• Input material:

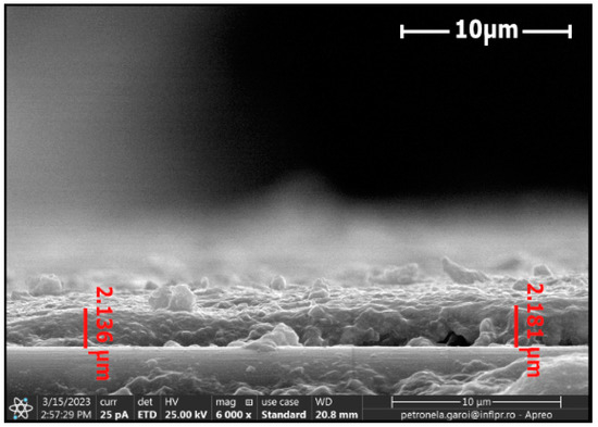 The energetic domain presented on the X-axis of the Boltzmann plot corresponded with the frequency of the spectral lines selected for determining the electronic excitation temperature of the excited neutral atom species, where for , I—intensity of the spectral lines; λ—wavelength of the spectral lines; A—transition probability; g—the statistical weight of the upper energy level; excitation energy (eV)—energy level of upper state. To determine the dimension of the tungsten oxide particles and thicknesses of the layers of the tungsten oxide deposited on the surface of the CFRP samples, we used scanning electron microscopy (SEM) investigations. Figure 8 and Figure 9 display the cross sections of the tungsten oxide thin films deposited on the CFRP samples. Figure 8 was scanned at 6000× magnification, and Figure 9 was scanned at 800× magnification.
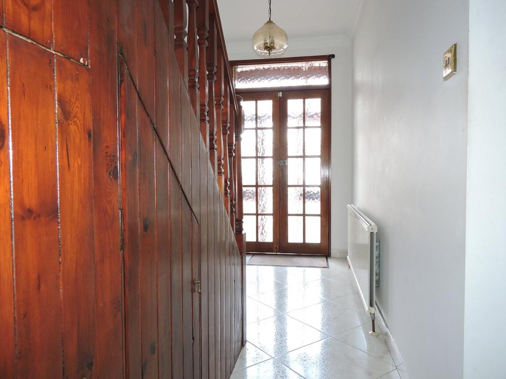 Via double wooden doors, tiled flooring, coving to ceiling, stairs to first floor landing, doors to lounge & family kitchen diner.
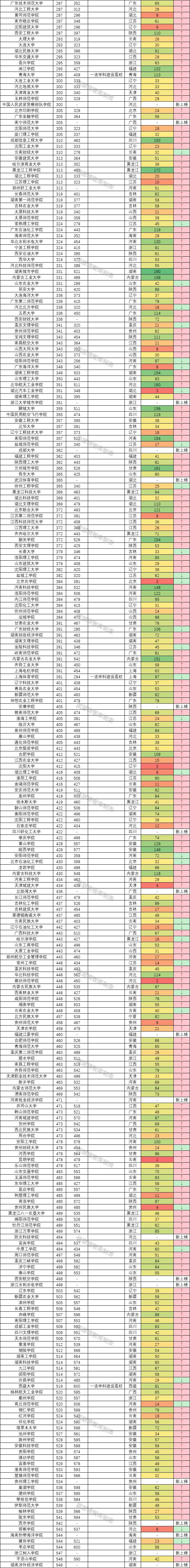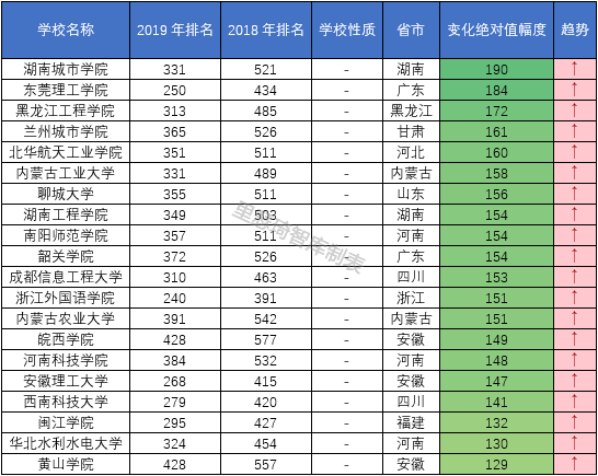 其次再看第二类:排名变化浮动较大的高校。今年榜单中排名变化幅度较大的学校有很多,尤其是200名之后的高校这种现象非常普遍。
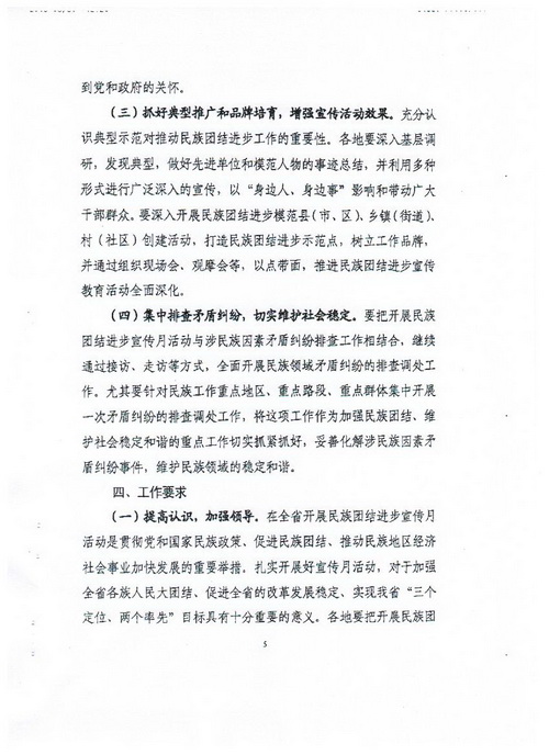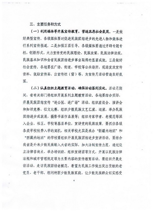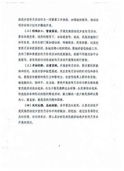 少数民族风采。五、各级工会、共青团、妇联等人民团体,要积极开展丰富多彩的宣传活动,增强各级干部群众的民族政策法制观念以及自觉维护民族团结和社会稳定的意识。
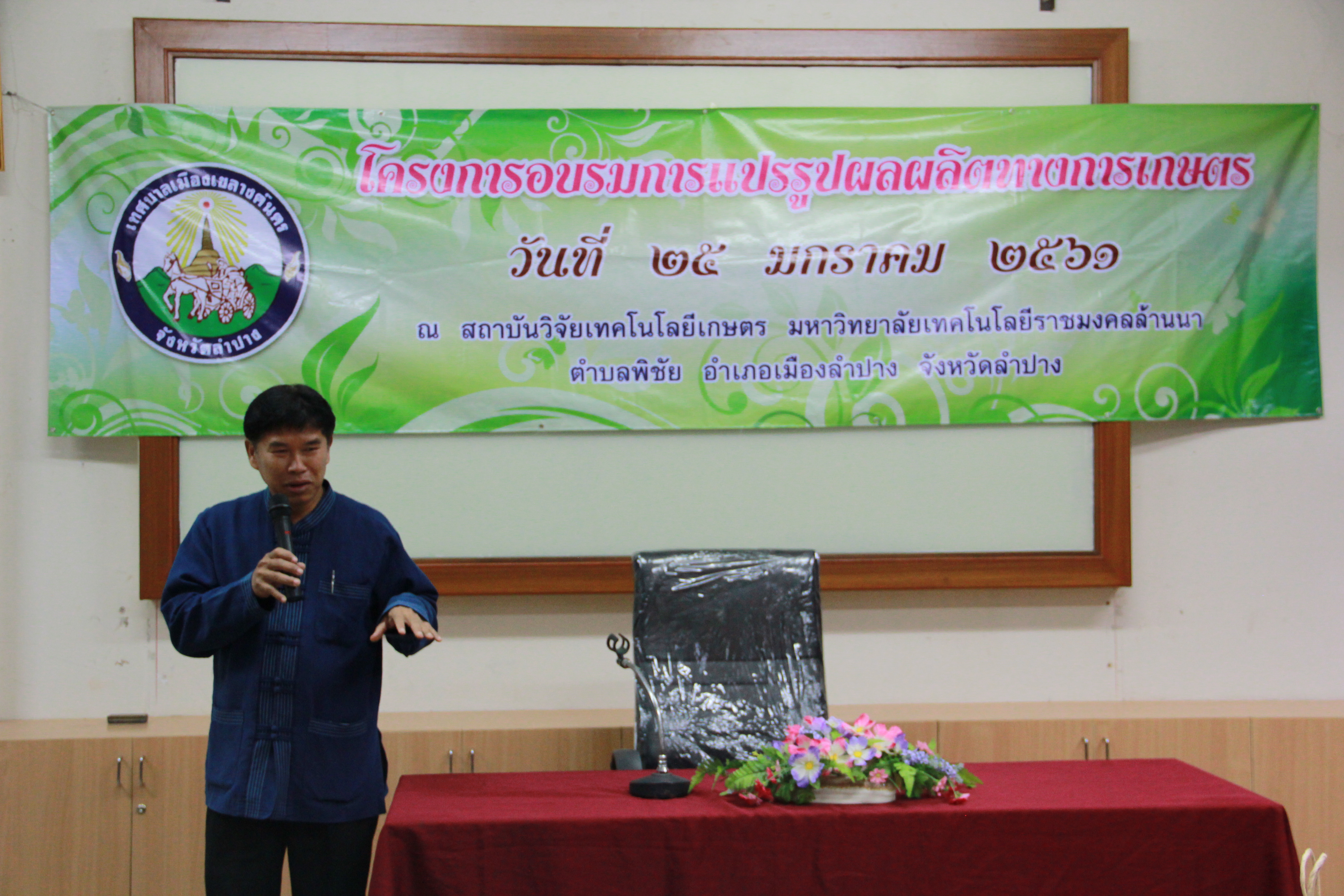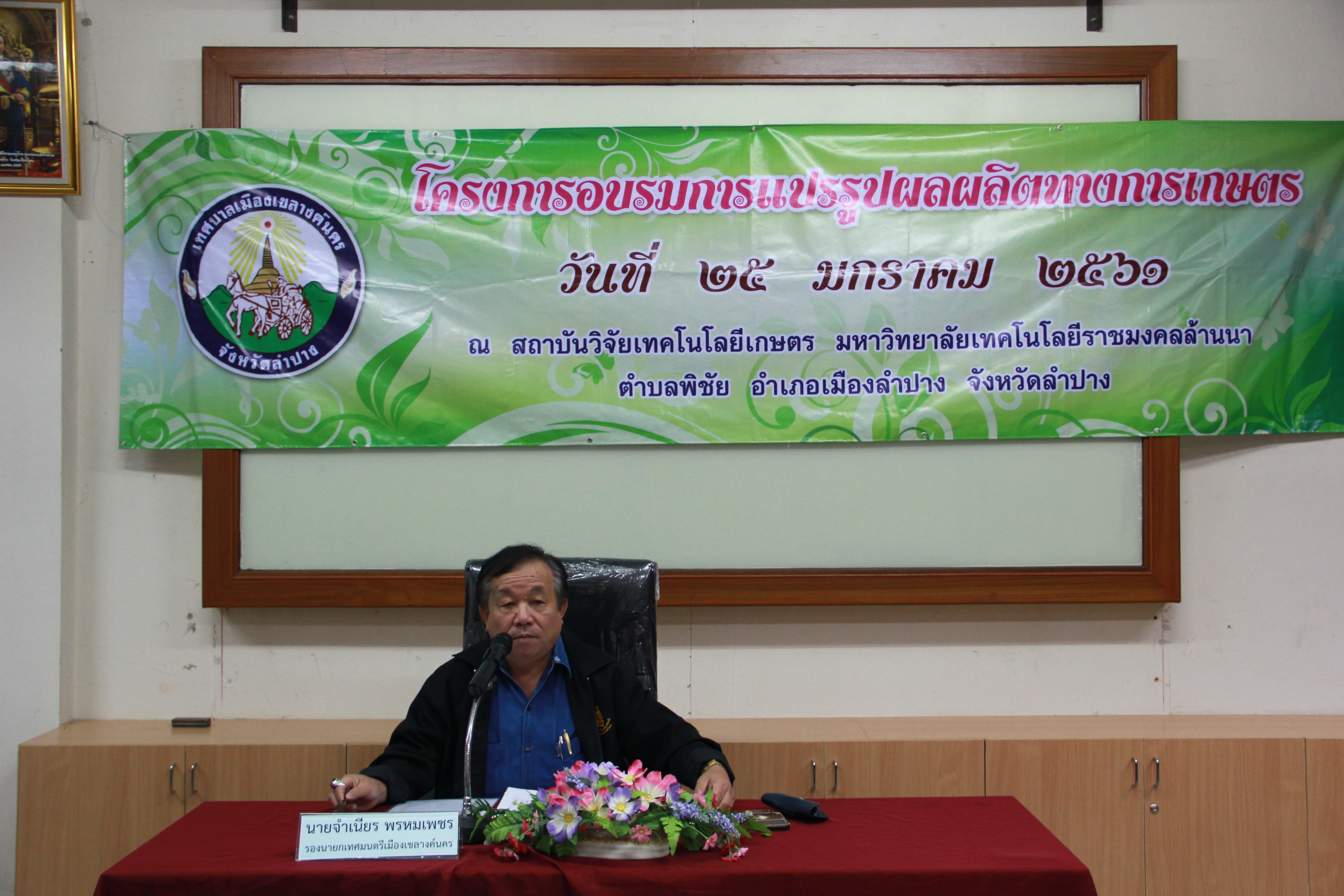 วันที่ 25 มกราคม 2561 เวลา 09.00 น. นายไพฑูรย์ โพธิ์ทอง นายกเทศมนตรีเมืองเขลางค์นคร มอบหมายให้นายจำเนียร พรหมเพชร รองนายกเทศมนตรีเมืองเขลางค์นคร เป็นประธานในพิธีเปิดโครงการอบรมแปรรูปผลผลิตทางการเกษตร โดยมีหัวหน้าส่วนราชการร่วมเป็นเกียรติในพิธีเปิด และได้รับเกียรติจากผู้ช่วยศาสตราจารย์ ดร.อรุณ โสตถิกุล ผู้อำนวยการสถาบันวิจัยเทคโนโลยีการเกษตร มหาวิทยาลัยเทคโนโลยีราชมงคลล้านนา ร่วมให้การต้อนรับเกษตรกรผู้เข้ารับการอบรม อีกทั้งยังไดัรับความอนุเคราะห์วิทยากร ดร. ภัทราภรณ์ ศรีสมรรถการ และคณะร่วมบรรยายให้ความรู้เรื่อง “ผักเชียงดา สมุนไพรไทย” และการฝึกปฏิบัติ “การทำชาผักเชียงดา และการทำผักเชียงดาแคปซูล” เพื่อให้เกษตรกรในเขตเทศบาลเมืองเขลางค์นครได้มีทางเลือกและเทคนิคในการแปรรูปผลผลิตทางการเกษตรให้เพิ่มมูลค่าของผลผลิตและสามารถนำไปประกอบเป็นอาชีพได้ต่อไป ณ สถาบันวิจัยเทคโนโลยีเกษตร มหาวิทยาลัยราชมงคลล้านนา ตำบลพิชัย อำเภอเมืองลำปาง
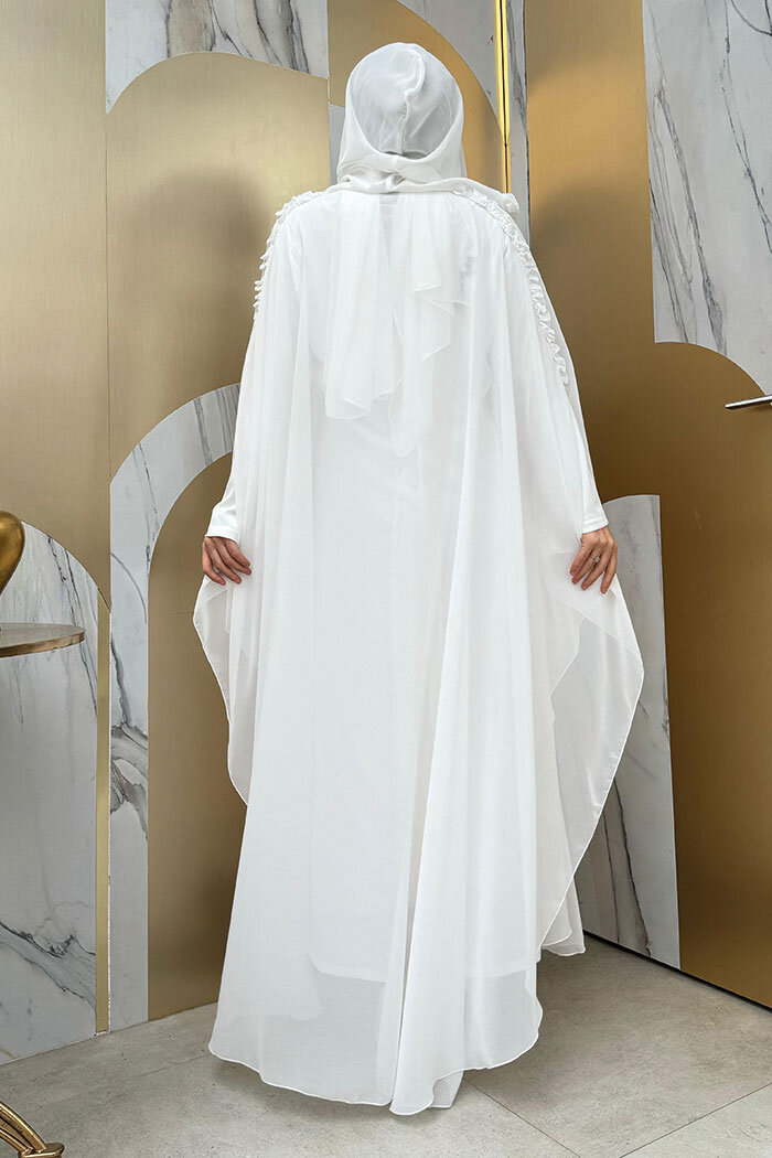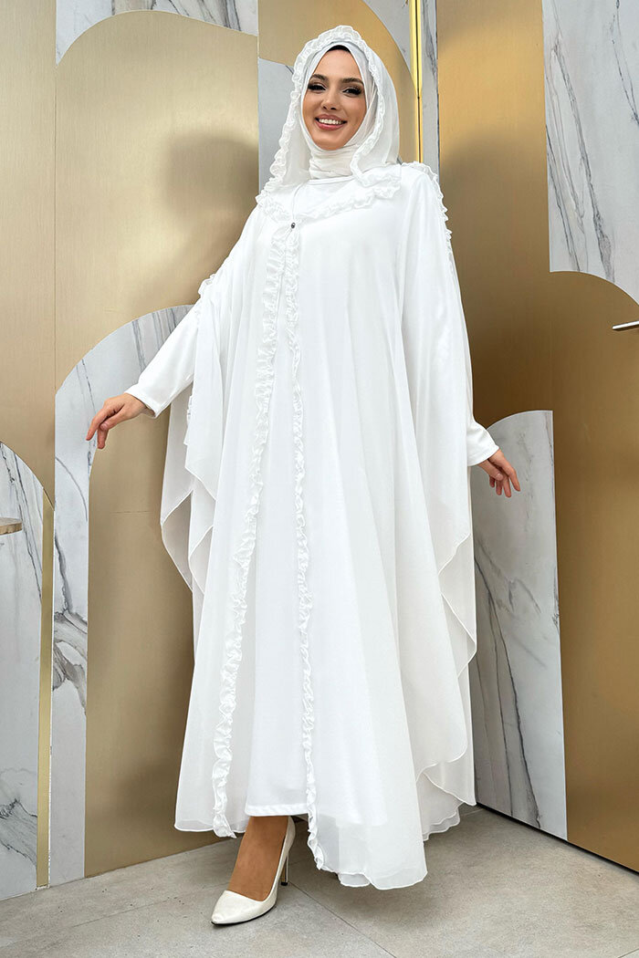 Kapişonlu Abayalı Elbise Takım 3778 Ekru
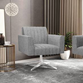 Quer uma decoração única e sofisticada? A Poltrona Viena é ideal para quem está em busca de um móvel versátil e diferenciado. Esse tipo de peça é ideal para ambientes modernos e descontraídos. Vem com uma ideia totalmente diferente, devido sua curva e forma suave, os detalhes gomados do tecido são tendências de decoração atuais. O tom Grafite vem ganhando cada vez mais espaço no mercado, uma cor que traz elegância e combina com vários tipos de decoração. Uma dica legal de complemento é escolher almofadas que combinem com a poltrona. Sua estrutura é confeccionada em madeira de eucalipto proveniente de reflorestamento, o estofamento do assento é composto de espuma prorelax D-23 no encosto, e é revestido em Linho um tecido aconchegante, resistente e extremamente luxuoso. Sua sustentação é dada pela Base Giratória Cromada, suportando em média até 115 Kg. Crie um lindo efeito visual, em qualquer lugar da sua casa ou escritório! Garanta já sua Poltrona Viena.
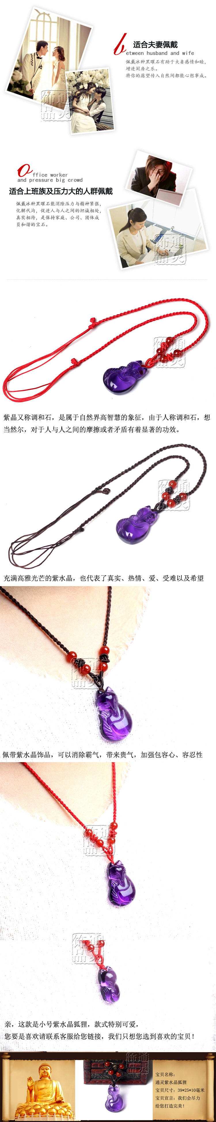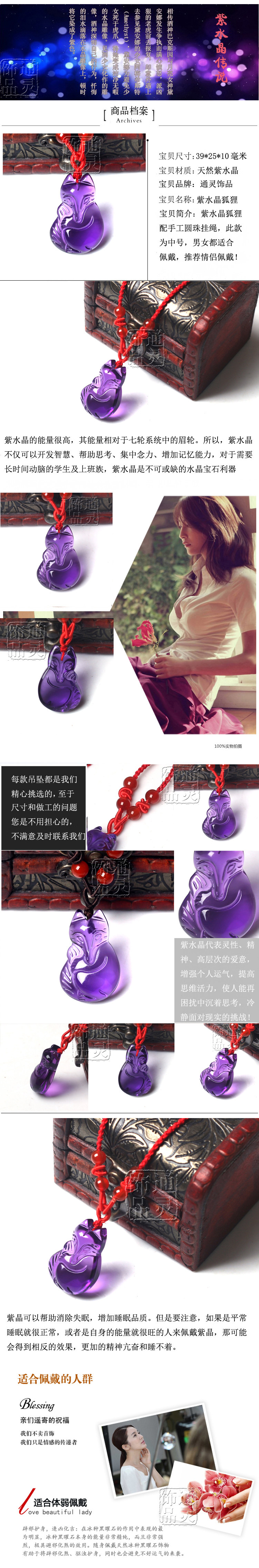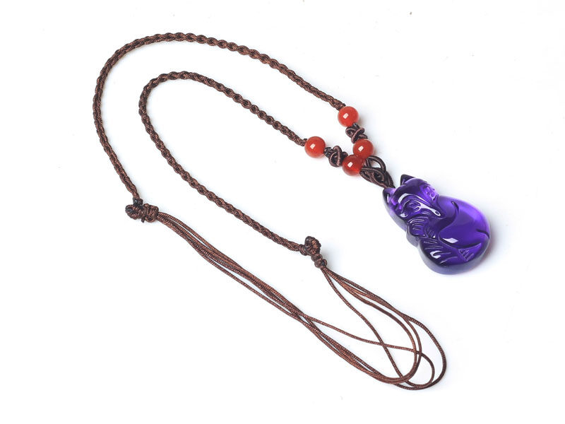 开光天然紫水晶狐狸吊坠 本命年招财旺桃花促姻缘 男女款紫晶项链
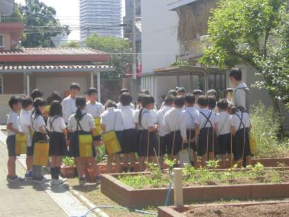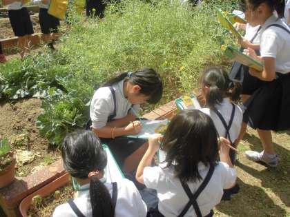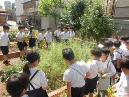 3年生が学習園でアブラナの観察をしていました。「アブラナってあぶらがとれるんだよね?」とある子が先生にたずねていました。しっかりと形や色を観察しながら、みんながんばってスケッチをしていました。
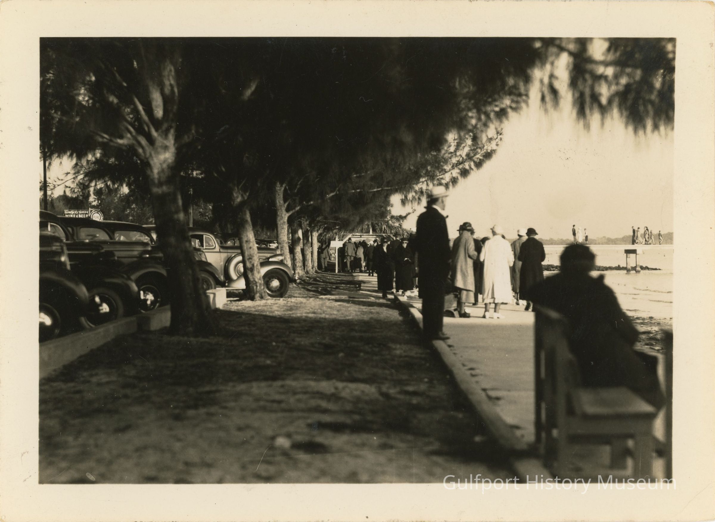 A black and white photograph showing people walking on the sidewalk along the shore at Gulfport Beach. Trees and dirt separate the sidewalk from the road which is lined with parked black cars. Someone sits on a bench in the foreground. The cabana shelter is visible at the end of the sidewalk in the background.

• About this exercise: Could you set down word for word each line from the one holding "3年生が学習園でアブラナの観" through the end of the material above, without any pictures?

• Task answer:
 3年生が学習園でアブラナの観察をしていました。「アブラナってあぶらがとれるんだよね?」とある子が先生にたずねていました。しっかりと形や色を観察しながら、みんながんばってスケッチをしていました。
 A black and white photograph showing people walking on the sidewalk along the shore at Gulfport Beach. Trees and dirt separate the sidewalk from the road which is lined with parked black cars. Someone sits on a bench in the foreground. The cabana shelter is visible at the end of the sidewalk in the background.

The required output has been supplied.